19 Statistical Analysis Plans
Adapted from author’s lecture notes and supporting materials for a graduate practicum in biostatistics.
19.1 Prerequisites
Answer the following questions to see if you can bypass this chapter. You can find the answers at the end of the chapter in Section 19.23.
- What is the primary purpose of a pre-registered Statistical Analysis Plan (SAP)?
- Name at least five sections every clinical SAP should contain.
- Why is it important, both scientifically and ethically, to distinguish pre-specified from exploratory analyses in the body of a SAP?
19.2 Learning objectives
By the end of this chapter you should be able to:
- Draft a SAP using the 243B template as a starting point.
- Pre-specify primary, secondary, and exploratory analyses with enough detail that a collaborator could execute them without further instruction.
- Compute sample-size requirements with
zzpowerand report them in the SAP. - Define missing-data strategies, sensitivity analyses, and multiple-testing corrections explicitly.
- Version-control the SAP and tag the submitted version before data access.
- Distinguish pre-specified from exploratory analyses in the analysis plan and the eventual paper.
19.3 Orientation
The SAP is the professional biostatistician’s most important non-code document.
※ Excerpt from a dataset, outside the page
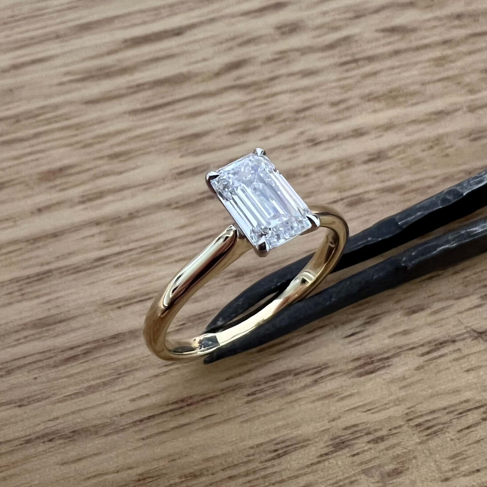18K Yellow Gold & Platinum Emerald Cut Diamond Ring 675854

It locks in the analysis before the data are seen, so that the published results reflect hypotheses rather than post-hoc choices. Federally funded trials require it; so do most journals for confirmatory analyses; so should you for your own integrity.
The SAP exists to constrain analyst degrees of freedom. Without it, the analysis plan is whatever the analyst chose after looking at the data, and the nominal Type-I error rate of the reported tests is not what the math says it is. With it, the analysis is anchored to a written-down plan that is on the public record.
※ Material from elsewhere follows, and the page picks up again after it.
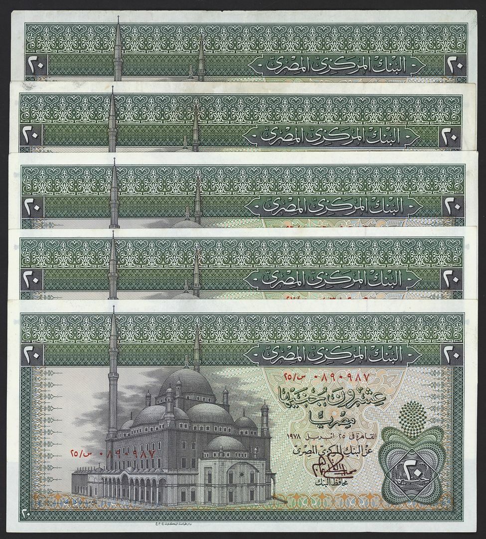 (x) Egypt, [26 notes] 1, 5, 10, 20 Egyptian Pounds, 1947-2002, (Pick 19, 22, 23, 25, 31, 38, 48, 63, 64), very good to extremely fine (26 notes)

19.4 The statistician’s contribution
The SAP is judgement work, not boilerplate.
Specify enough to constrain. A SAP that says ‘we will fit a regression model’ has not specified anything. A SAP that says ‘multivariable logistic regression of 30-day readmission on home-health visit (yes/no), adjusted for age (continuous), sex, ejection fraction (continuous), and discharge medication count (continuous), with a 5% Type-I error rate, two-sided’ has constrained the researcher degrees of freedom that matter. Aim for the second.
Pre-specify what you commit to. A primary analysis is a commitment. The Type-I error rate of that test is the rate the reader is told. Adding sensitivity analyses, exploratory analyses, and ‘data-prompted’ analyses afterwards is fine — provided they are labelled as such. Mixing them with the primary changes what the primary actually means.
Be honest about uncertainty in the plan. When you do not know the right method until you see the data, say so. ‘If the residuals show heteroscedasticity, we will use HC1 standard errors; otherwise classical SEs’ is more honest than ‘we will use HC1 SEs’ (which constrains a choice that should be data-driven) or ‘we will use SEs’ (which constrains nothing).
Tag the SAP at data access. Git tag sap-v1.0-locked at the moment the data become accessible. The tag is the proof of pre- specification. Later amendments are dated tags (sap-v1.1-amendment-1); their relationship to the data-access timeline is auditable.
These judgements are what make a SAP a serious document rather than a regulatory chore.
19.5 Why pre-register?
The case rests on three observations:
Researcher degrees of freedom inflate Type-I error. With many possible analyses (which covariates to include, which transformations, which subgroups), the chance that some analysis produces \(p < 0.05\) under the null is much greater than 5%. Simmons et al. (2011) calculate that 4 commonly-encountered degrees of freedom inflate Type-I from 5% to about 60%.
The ‘garden of forking paths’ (Gelman and Loken 2013): even without conscious p-hacking, the analysis is data-driven if the analyst made choices in response to early data exploration. The reported test’s calibration depends on the unmade choices that would have been made on different data.
Pre-registration constrains the choices. A SAP written before data access fixes the covariates, the model class, the missingness strategy, the multiple-comparison correction. The eventual analysis is what was pre-specified; any deviation is documented as an amendment or as exploratory.
The trade-off is honest: pre-registration restricts flexibility. The flexibility it restricts was producing inflated false-positive rates anyway.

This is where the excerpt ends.